Researcher Nathan Havill installs a sleeve over an adelgid-infested hemlock branch; silver flies were then placed inside the sleeve. Photo by Kimberly Wallin.
The hemlock woolly adelgid remains near the top of the list of harmful pest insects in eastern forests. It has significantly damaged the hemlocks in 2.5 million acres of hemlock-dominated forests in 18 states, from Vermont to Georgia. And because hemlocks play a crucial role in the health of surrounding ecosystems, the disappearance of this species could lead to a cascade of changes in soil chemistry, stream temperatures, and species diversity. Faced with this prospect, a great deal of research has been directed at testing potential biocontrols to combat the adelgid; a University of Vermont project may be the most promising.
The same adelgid is also present in hemlock forests of the Pacific Northwest, but there two species of native silver fly are keeping it in check. So UVM ecologist Kimberly Wallin joined scientists from Oregon State University to study whether the flies will also eat the adelgids on eastern hemlocks. “This family of fly includes the only predator that has effectively controlled adelgids anywhere in the world,” said Wallin, who spent five years conducting host specificity tests to ensure that the flies do not become pests if they are introduced in the East. In laboratory studies, she found that the flies will feed on the adelgids on eastern hemlocks and that the insect can complete its life cycle and successfully reproduce. While it does occasionally feed on a native pine bark adelgid, it much prefers hemlock woolly adelgid.
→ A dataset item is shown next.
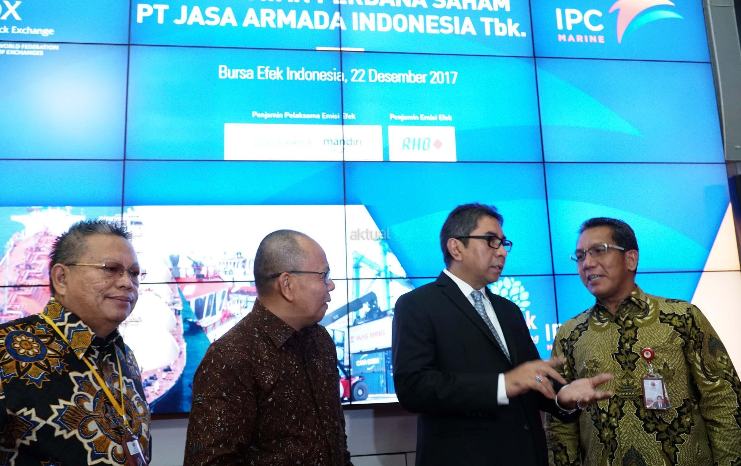 (dari kiri ke kanan) Direktur Keuangan dan SDM Bursa Efek Indonesia, Chaerudin Berlian, Direktur Utama PT Jasa Armada Indonesia Tbk, Dawam Atmosudiro Direktur Utama Pelindo II, Elvyn G Masassya, Direktur penilaian Perusahaan BEI, Samsul Hidayat berbincang disela pencatatan saham JAI di Jakarta, Jumat (22/12). JAI nak usaha PT Pelabuhan Indonesia II (persero) (IPC), telah resmi mencatatkan sahamnya di BEI,Perusahaan yang tercatat dengan kode saham "IPCM" ini telah melepas sejumlah 1,21 miliar lembar saham baru atau setara dengan 23% dari modal ditempatkan dan disetor.JAI resmi menjai emiten ke 36 yang melantai di Bursa pada tahun 2017. JAI bergerak di bidang pemantauan dan penundaan kapal di Pelabuhan milik Negra,terminal swasta (TUKS) dan terminal khusus lepas pantai (oil & Gas Ship to Ship/STS) dibidang usaha sejenis,JAI adalah perusahaan pertama melakukan IPO. AKTUAL/Eko S Hilman

After obtaining the necessary permits, Wallin placed flies inside sleeves that were hung over adelgid-infested hemlock branches in private forests in Tennessee and along Skaneateles Lake in central New York. Some of the sleeves received four flies, some ten, and some were left empty as a control. “Rather than go where adelgid populations are really high now (or used to be), we did our release at the leading edge of the infestation, where adelgids are expanding,” Wallin explained. “We wanted to see if the flies were going to feed on the adelgid and suppress it. And after a month it was very successful. That was a huge step, and we’re super happy.”
The next step is to expand the study to additional sites and to extend it for a full year to see whether the flies can survive cold winters in the North and hot summers in the South. That work will begin in the spring.
After the success of the first phase, Wallin and her colleagues are optimistic that the silver flies could play an important role in the fight against the hemlock woolly adelgid. The U.S. Forest Service is testing a Laricobius beetle as another possible biocontrol against the adelgid, and because the beetle is active in different seasons than the flies, the researchers believe the insects could complement each other. “Our hope is that this strategy will stop the expansion of the adelgid,” Wallin said. “The adelgid hasn’t touched the entire range of hemlock trees yet, but in areas where it is already established, we hope it will reduce those populations so it won’t kill the trees.”